BRIEF: Once "该研究针对特种材料燃烧流场可" turns up in a line below, reproduce that line and those after it exactly, stopping after the line with "- Griffbereit: Der"; leave pictures out.
——
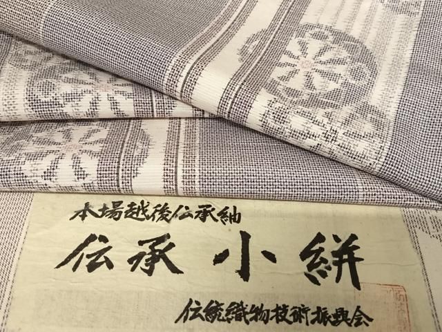平和屋着物 本場越後伝承紬 伝承小絣 源氏車間道 反端付き 正絹 zg
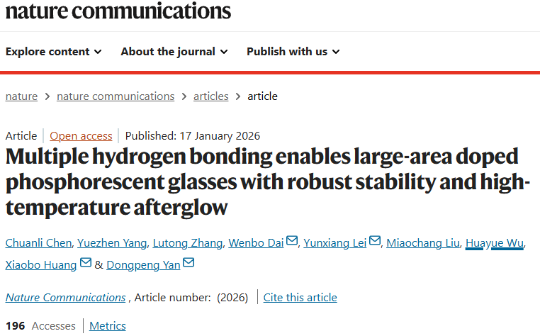 该研究针对特种材料燃烧流场可视化及点火初期预警等关键需求,报道了聚集诱导发光材料领域的最新突破。论文创新性地通过分子动力学方法,揭示了无定型系统内多重无序氢键对三重激子非辐射衰减的抑制机理,为高性能、大面积掺杂磷光玻璃材料的可控制备提供了关键理论支撑。这一发现不仅深化了对复合材料结构及表界面行为的科学认识,也为开发具有优异稳定性和高温余辉性能的新型材料奠定了坚实的理论与技术基础。
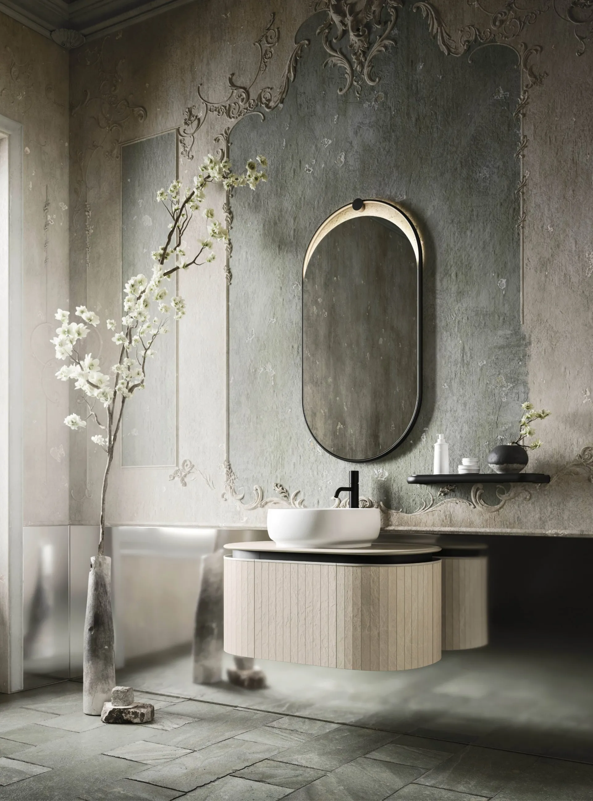 mobili bagno sospesi in gres del brand Arbi: clicca e scopri l'arredo bagno design Almond 01 per la stanza del benessere.
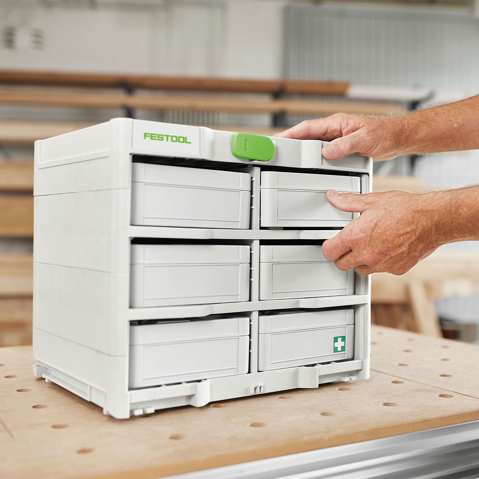 - Griffbereit: Der Inhalt ist auch im gestapelten Systainer-Turm jederzeit zugänglich
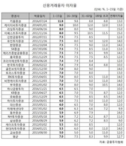 증시가 6년여 동안의 박스피(코스피+박스권)를 탈출하고 새 역사를 쓰자 빚까지 내 주식 시장에 뛰어드는 개인 투자자들이 급증하고 있다. 이런 가운데 증권사들이 개인 투자자에게 주식 거래를 위한 대출을 해주면서 고금리를 챙겨 논란이 되고 있다.9일 금융투자협회에 따르면 신용거래융자금은 지난달 말 8조5478억원으로 전달 말의 7조8154억원에 비해 9.4% 늘었다. 사상 처음으로 8조원을 넘어선 것이다. 또 전년 동기와 비교해서는 25.9% 불었다. 신용거래융자란 증권사들이 개인 투자자들에게 주식 투자금을 대출해주는 일종의 '주식담보대출'이다. 이런 가운데 기준금리가 현재 연 1%까지 하향 조정되는 등 장기간 저금리 기조가 이어지고 있음에도 신용거래융자는 높은 수준을 유지하고 있다는 지적이다. 신용거래융자 서비스를 하는 증권사 30곳의 이자율 평균을 기간별로 보면 ▲1~15일 연 7.0% ▲16~30일 연 7.5% ▲31~60일 연 8.3% ▲61~90일 연 8.9% ▲91~120일 연 9.8% ▲121~150일 연 9.9% ▲151~180일 연 9.6% ▲180일 초과 연 9.9% 등이다. 한국은행 금융통화위원회가 2012년 7월 기준금리를 연 3.00%로
——
ANSWER FOR THE TASK:
 该研究针对特种材料燃烧流场可视化及点火初期预警等关键需求,报道了聚集诱导发光材料领域的最新突破。论文创新性地通过分子动力学方法,揭示了无定型系统内多重无序氢键对三重激子非辐射衰减的抑制机理,为高性能、大面积掺杂磷光玻璃材料的可控制备提供了关键理论支撑。这一发现不仅深化了对复合材料结构及表界面行为的科学认识,也为开发具有优异稳定性和高温余辉性能的新型材料奠定了坚实的理论与技术基础。
 mobili bagno sospesi in gres del brand Arbi: clicca e scopri l'arredo bagno design Almond 01 per la stanza del benessere.
 - Griffbereit: Der Inhalt ist auch im gestapelten Systainer-Turm jederzeit zugänglich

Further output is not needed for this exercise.